◆ TASK REQUIREMENTS:
All lines at and after the one containing "Het Molengat in 2014", up to the end of the listing below, are to be printed exactly, with the pictures omitted.

◆ MATERIAL PROVIDED:
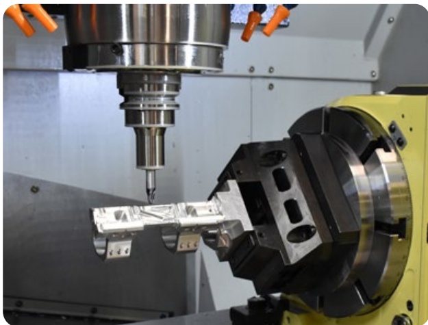
Komplexe Geometrien effizient gefertigt: Dank abgestimmter Werkzeuge und durchdachter Bearbeitungsstrategien ermöglicht Wedco wirtschaftliche Lösungen auf modernsten 5-Achs-Bearbeitungszentren.
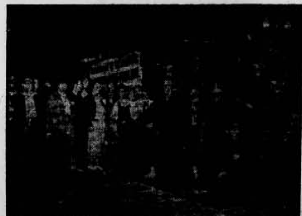
Llegada a nuestra ciudad de los dos camiones con víveres, por valor de 64.000 francos, y donación de los propios camiones, ofrecida que hace el Frente Popular Francés.
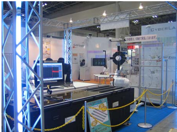
非接触ロボットハンド&新型フロートコンベア
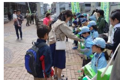
前回の街頭募金の様子（大宮駅）
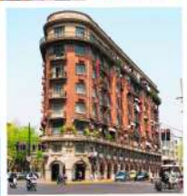
ถนนอู๋คิง
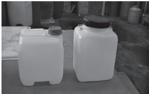
Envases de 10 litros
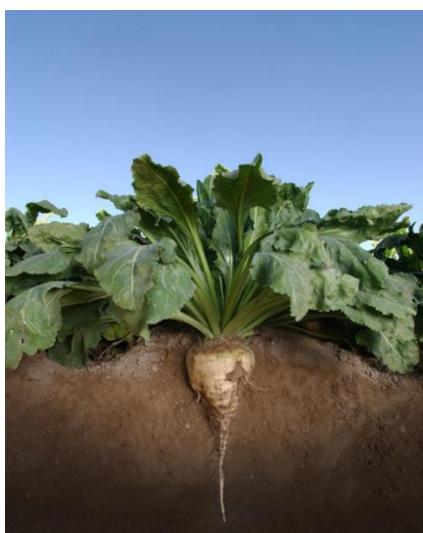
Slika 1. Šećerna repa ( Beta vulgaris L. var. saccharifera Alef.)

Šećerna repa ( Beta vulgaris var. Saccharifera Alef.) je dvogodišnja biljka iz porodice štirovki ( Chaenopodiaceae ), roda Loboda , koja u prvoj godini stvara zadebljali korijen (repu) i rozetu lišća, a u drugoj godini stabljiku, cvijet, plod i sjeme. (Pospišil, 2013.) Naziv Beta je zajednički za rod repu i dolazi od grčkog slova „beta“ zbog sličnosti klice s tim grčkim slovom, dok riječ vulgaris, koja u botaničkom nazivu označava vrstu, znači obična, a riječ saccharifera, kojom se obično označava promjena, odstupanje odnosno varijetet, znači šećeronosna ( https://www.tehnologijahrane.com/knjiga/secerna-repa-2 ).
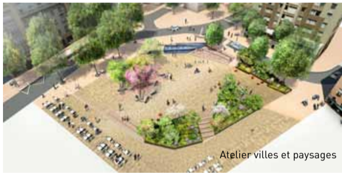
Atelier villes et paysages

Le concept d'aménagement repose sur une nouvelle répartition des espaces : le cœur de la place et le «cours des Tapis».
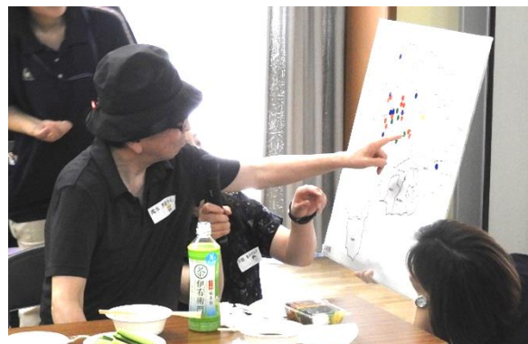
初めてのご参加、自己紹介です！
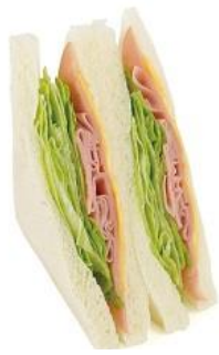
シャキシャキレタスサンド 247円(税込)

食感にこだわったシャキシャキのレタスと、2種類のハム、チーズをすりおろし野菜ソースで味付けしたサンドイッチです。
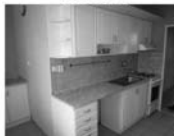
Byt 3+1 v OV, Tišnov, Halasova 75 m 2 , 5.patro, po rekonstrukci 1.749.000 Kč
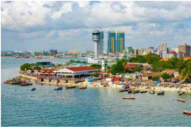
Dar Es Salaam
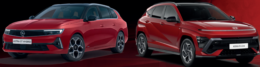
Abb. zeigt Sonderausstattung gegen Mehrpreis.

Unsere Standorte finden Sie auf: www.Ebbinghaus-Automobile.de
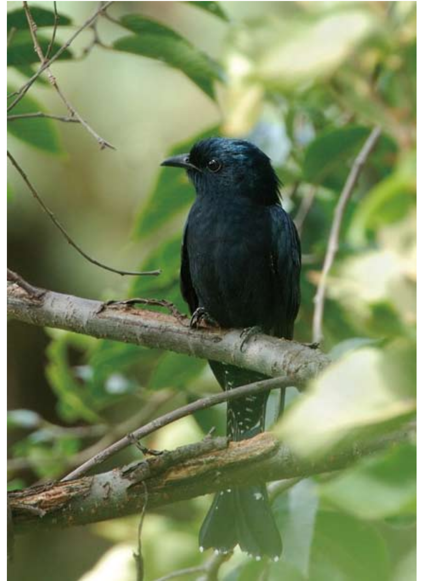
0200# 乌鹃 Drongo Cuckoo Surniculus lugubris 2006-10-2, 云南巍山, Weishan, Yunnan
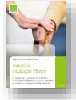
Ratgeber häusliche Pflege
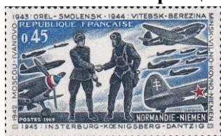
54. Марка Франции, к 25-летию эскадрильи «Нормандия-Неман», 1969г.

Правительство Виши удерживало контроль над 2/5 территории страны - центральными и южными районами. Германские войска оккупировали весь север с Дюнкерком и атлантическое побережье (марка 52).
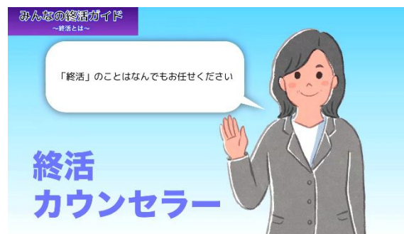
終活のプロ「終活カウンセラー」
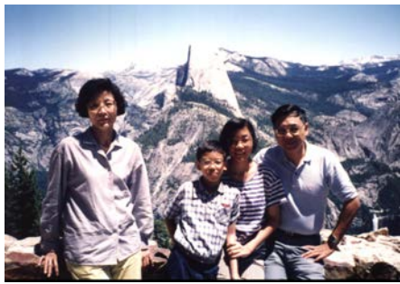
1993 年攝於加州優山美地
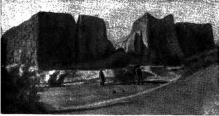
Замок № 13, эпоха Афригидов
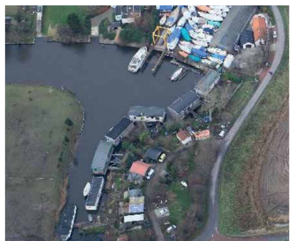
Het Molengat in 2014
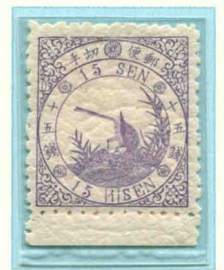
Émission du 1.1.1875. Timbre de la planche 1 reconnaissable à la syllabe japonaise (i)

Imprimé en typographie sur du carton couleur chamois. Émis le 10 janvier 1949. Pli avec complément d'affranchissement insuffisant pour l'Italie. Taxé à 27 lire à l'arrivée, qui correspondent à 4 c de dollar U.S., 2 c pour le port, 2 c pour la pénalité. Timbres collés sur l'entier et sur une enveloppe de service réservée à la taxation des plis.
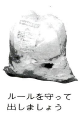
ルールを守って出しましょう

●今回の有料化での程度のごみ ボランテアシールの対象ですが、その申請・交付するのには大変です。少量の場合は家庭ごみと一緒に出すこともできますので清掃事務所にご相談ください。

◆ WRITTEN SOLUTION:
Het Molengat in 2014
Émission du 1.1.1875. Timbre de la planche 1 reconnaissable à la syllabe japonaise (i)

Imprimé en typographie sur du carton couleur chamois. Émis le 10 janvier 1949. Pli avec complément d'affranchissement insuffisant pour l'Italie. Taxé à 27 lire à l'arrivée, qui correspondent à 4 c de dollar U.S., 2 c pour le port, 2 c pour la pénalité. Timbres collés sur l'entier et sur une enveloppe de service réservée à la taxation des plis.
ルールを守って出しましょう

●今回の有料化での程度のごみ ボランテアシールの対象ですが、その申請・交付するのには大変です。少量の場合は家庭ごみと一緒に出すこともできますので清掃事務所にご相談ください。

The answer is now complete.